Usually in lumped element circuit theory (CT), a connection between two terminals is considered a piece of ideal conductor of zero length.
An ideal conductor is a conductor with zero resistivity, hence that connection can be considered like a zero ohm resistor.
In basic lumped element CT we assume the EM fields vary very slowly, so slowly to be almost stationary (i.e. constant with time). "Almost" here means that we can neglect all the terms of Maxwell's equations that involve time variations.
This also implies that any element in the circuit has physical dimensions that are much less than the wavelength of any signal component in the circuit. Moreover, it also implies that the whole circuit is much smaller than that wavelength (because we neglect the propagation delay of the signals in the circuit due to the finiteness of speed of light). In other words, in basic CT we assume that signals travel in the circuits with no delay other than those introduced by the lumped elements.
That assumption, together with the fact that those connections have zero length (well, to say things more precisely, they have dimensions much smaller than the lumped elements they connect), also imply that there are no parasitic effect.
All this is a really drastic simplification.
When you begin to relax your definition of "ideal", e.g. you assume connections are made with a conductor having some finite dimensions and non zero resistivity, you get what other have already said in this thread: parasitics.
In particular, some residual series resistance (due to non-zero resistivity of the material. Conductors having length also give you some stray inductance, because of them forming loops in your circuit and being coupled magnetically. Their proximity makes them develop stray capacitance between different parts of the circuit.

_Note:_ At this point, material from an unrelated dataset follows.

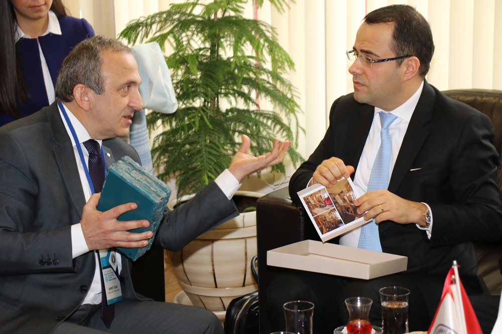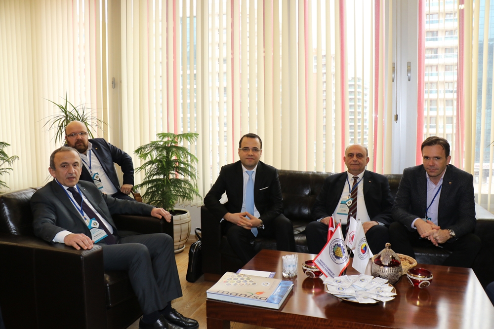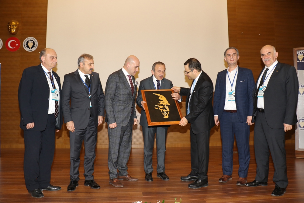Manisa Ticaret ve Sanayi Odası Yönetim Kurulu Başkanı Mehmet Yılmaz, Manisa Ticaret ve Sanayi Odası Meclis Başkanı Ümit Türek, Akhisar Ticaret ve Sanayi Odası Yönetim Kurulu Başkanı Mehmet Ulusoy, Akhisar Ticaret Borsası Başkanı Alper Alhat, Soma Ticaret ve Sanayi Odası Yönetim Kurulu Başkanı Cem Doğan, Soma Ticaret ve Sanayi Odası Meclis Başkanı Nüvit Iğnak günün anısına Sabancı Üniversitesi Finans Kürsü Başkanı Prof.Dr.Özgür Demirtaş’a Atatürk portresinin yer aldığı naht sanatı eserini hediye ettiler.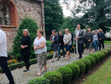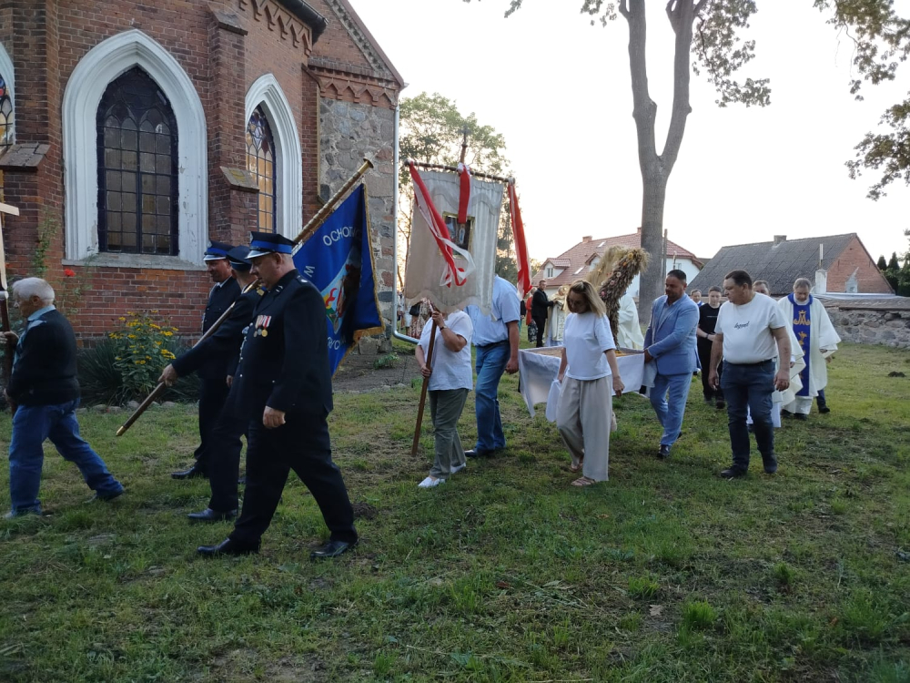 W wygłoszonej homilii Arcybiskup podjął kilka wątków: najpierw odniósł się do potrzeby szacunku wobec Bożych darów – plonów ziemi, następnie do św. Stanisława Kostki Patrona lokalnej społeczności i kościoła, wskazując na jego świętość i znaczenie tej świętości w naszym życiu, a na zakończenie do XVI-wiecznej świątyni w Mielnie, która od pięciu wieków służy modlitwie mieszkających tu ludzi i jest znakiem wiary, obecności Boga i chrześcijaństwa na tych ziemiach. Wskazał przy tym na wielkie znaczenie misji św. Ottona z Bambergu (w ubiegłym, 2024 roku na Pomorzu obchodzono uroczyście Rok Jubileuszowy 900-lecia Misji Pomorskiej Świętego Ottona) oraz na kontekst ostatnich 80 lat życia kościoła katolickiego w tym miejscu i na aktualną troskę o świątynię. Na zakończenie liturgii oddaliśmy cześć św. Stanisławowi Kostce, odmawiając litanię ku jego czci. Potem odbyła się procesja wokół kościoła, odśpiewaliśmy hymn Ciebie Boga wysławiamy, a uroczyste błogosławieństwo zakończyło naszą modlitwę. Po uroczystościach w kościele udaliśmy się do świetlicy wiejskiej na dalsze świętowanie podczas pięknie przygotowanej Agapy, za którą odpowiadała Pani Sołtys, Rada Sołecka, Rada Duszpasterska i parafianie przy wsparciu miejscowych rolników.

Moreover, if you begin to take into account also the dielectric that separates the wires (e.g. FR4 circuit board substrate) this both affects stray capacitance and introduces some parallel (leakage) resistance.
Another problem with "ideal wires" having non-zero physical dimensions is that the resistance of the conductor varies with frequency (no, I'm not talking about the equivalent impedance or its real part, just the raw resistance of the wire) because of the skin effect and the proximity effect (ouch!).